Following the news’s release, Bertozzi found himself in a state of “non-stop” activity. Reporters and photographers from numerous news outlets, as well as Stanford’s communications staff, arrived at her door within minutes. She has also conducted Zoom interviews with the AP, the Wall Street Journal, and the Boston Globe. (Bertozzi, who is from Massachusetts, noted that her hometown newspaper, The Globe, paid a visit and described it as “extraordinary.”)
Sharon Long, a professor of biology at Stanford, and a close friend of Bertozzi’s was among the many on campus to celebrate his victory. Bertozzi and his friend met in San Francisco during his postdoctoral fellowship. Specifically, Bertozzi explored the significance of sulfation on a glycan found on the surface of mammalian cells, whereas Long’s group investigated “a bacterial biosynthetic mechanism that involves sulfation.”
“Reading much beyond her expertise,” Long wrote in an email, “she discovered that one of our enzymes may be a helpful reagent.” Even as a postdoc, she showed the originality, ingenuity, and willingness to take risks that are hallmarks of her whole body of work. She has the ability to recognize the most pressing issues and devise novel solutions to make it feasible to conduct the most crucial tests.
Green Ahn, a sixth-year chemistry Ph.D. student, and Gabby Tender, a fifth-year chemistry Ph.D. student, both echoed Bertozzi’s excitement about the victory. “Explorations at the interface of chemistry and biology will spawn novel medications and diagnostics that improve human health, tools for probing natural biology, and roadmaps for developing synthetic forms of life tailored to serve human needs,” is the stated goal of the lab’s research.
Incredibly encouraging and constantly giving a significant lot of credit to her mentees, Bertozzi has left an indelible impression on the lab, according to one of her mentees, Ahn.
With the skills they’ve learned in her lab, her mentees may go on to do great things as scientists even after their time with her has ended, said Ahn.

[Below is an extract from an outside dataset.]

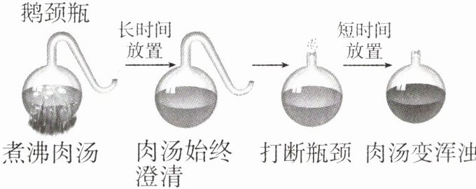12. (内蒙古赤峰)科学家巴斯德通过下页左上图所示的实验,证明了细菌是如何产生的。下列对该实验的分析,正确的是(
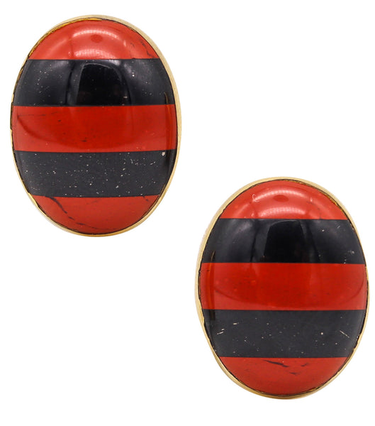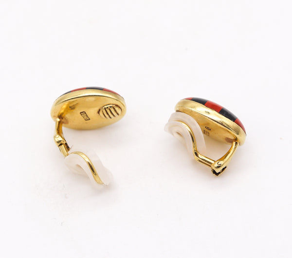 Tiffany And Co. 1977 By Ralph Lauren Geometric Clips Earrings In 18Kt Gold With Inlaid Gems

Her determination to improve human health through chemical means is an inspiration to us all.
Specifically, Tender noted that as a woman working in the lab, she values Bertozzi’s “dedication to diversity, equity, and inclusion” as much as she does Bertozzi’s dedication to the science being done there.
“As a gay Ph.D. student in her lab, Carolyn has long been a personal and scientific role model of mine,” Tender added. “She has delivered seminars about her personal and professional experiences to young gay scientists on campus, making many of us feel both supported and heard.”